Are cleanse diets dangerous?
They may seem like a quick fix, but here’s why Dr. Susan Biali doesn’t recommend cleanse diets
Ah, cleanses. Celebrities swear by them, friends rave about them, and patients ask me if they are okay to try. The claims of these detox programs vary widely, promising everything from weight loss to improving your skin or detoxifying your liver. Here’s why I don’t recommend cleanses.
The “high” from a cleanse is misleading
It would be great to undo years of poor food and drink choices by drinking lemonade for a week. There’s also something exciting and glamorous about following an extreme (or extremely expensive) cleanse that your favourite celebrity loves. Even the word “cleanse” is part of the appeal. But such regimens don’t actually clean your body, and may starve you of nutrients instead.
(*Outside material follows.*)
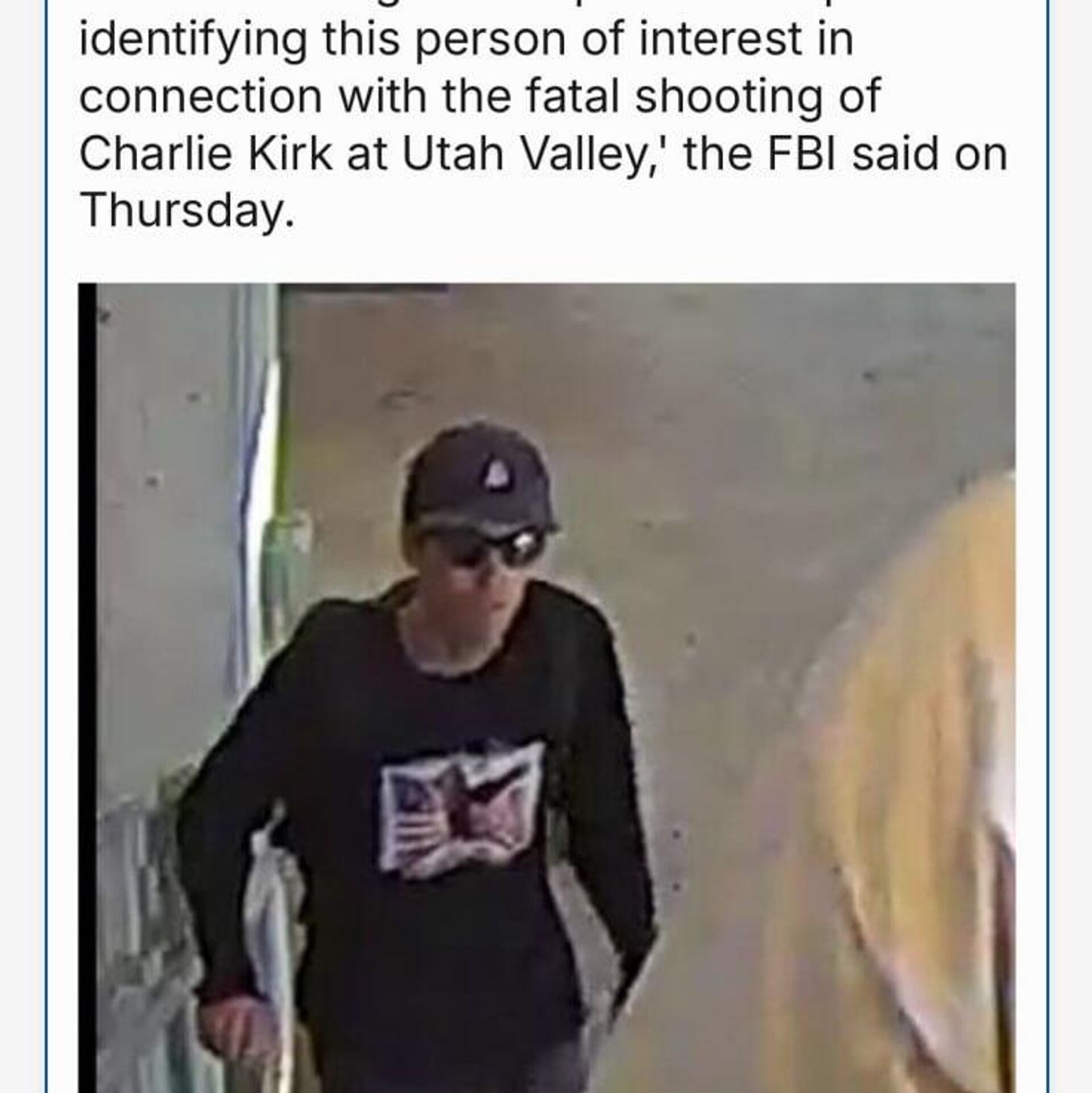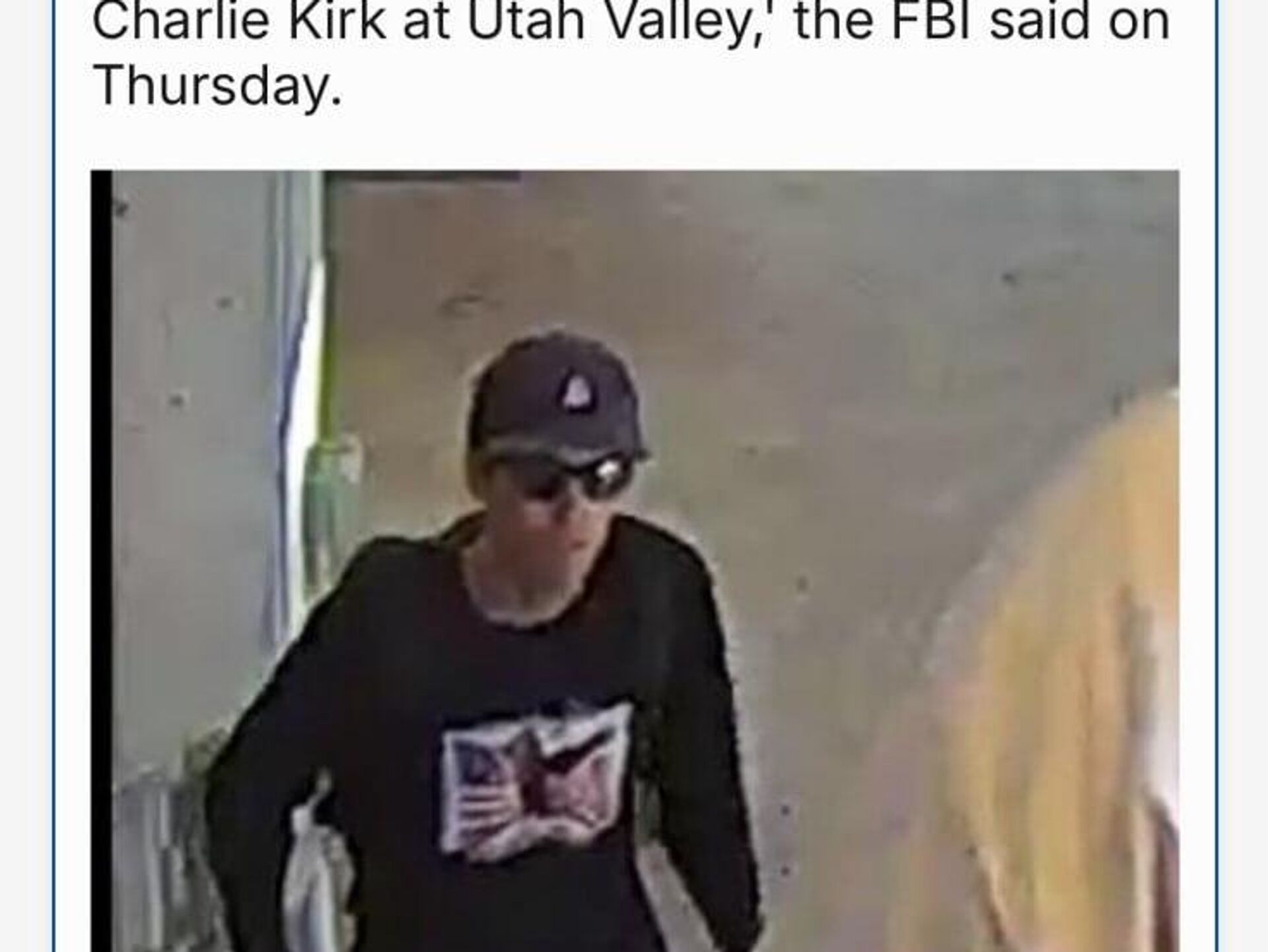 در 11 سپتامبر، افبیآی عکسی از مردی منتشر کرد که گمان میرود در قتل چارلی کرک، فعال راستگرا، دست داشته است.

People may talk about how good they feel during these cleanses. So they must be working, right? Not exactly. First, most are basically extreme low-calorie dieting. The Master Cleanse, famously used by Beyoncé to drop weight for the movie Dreamgirls, is a liquid fast of mainly lemonade made with maple syrup and cayenne pepper—essentially a starvation diet done for 10 days.
During starvation, once the initial hunger pangs pass, people experience feelings of well-being and euphoria. This euphoria is like a natural anesthetic that protects from the pain of a starving body.
Also, most people eat multiple unhealthy foods as part of their daily diet. Sugar, fast food and pop give you a quick hit and then drag you down, so anyone who stops consuming such foods would naturally start to feel better. But your body needs real nutrients and whole foods in order to survive and thrive.
Any weight loss is short-lived
Cleansing to lose weight is essentially crash dieting. Of course you’ll lose weight if you consume very few or no calories, but this type of dieting can potentially put your health at risk. And remember, rapid weight loss rebounds quickly, so you’ll regain the weight as soon as you go back to normal eating.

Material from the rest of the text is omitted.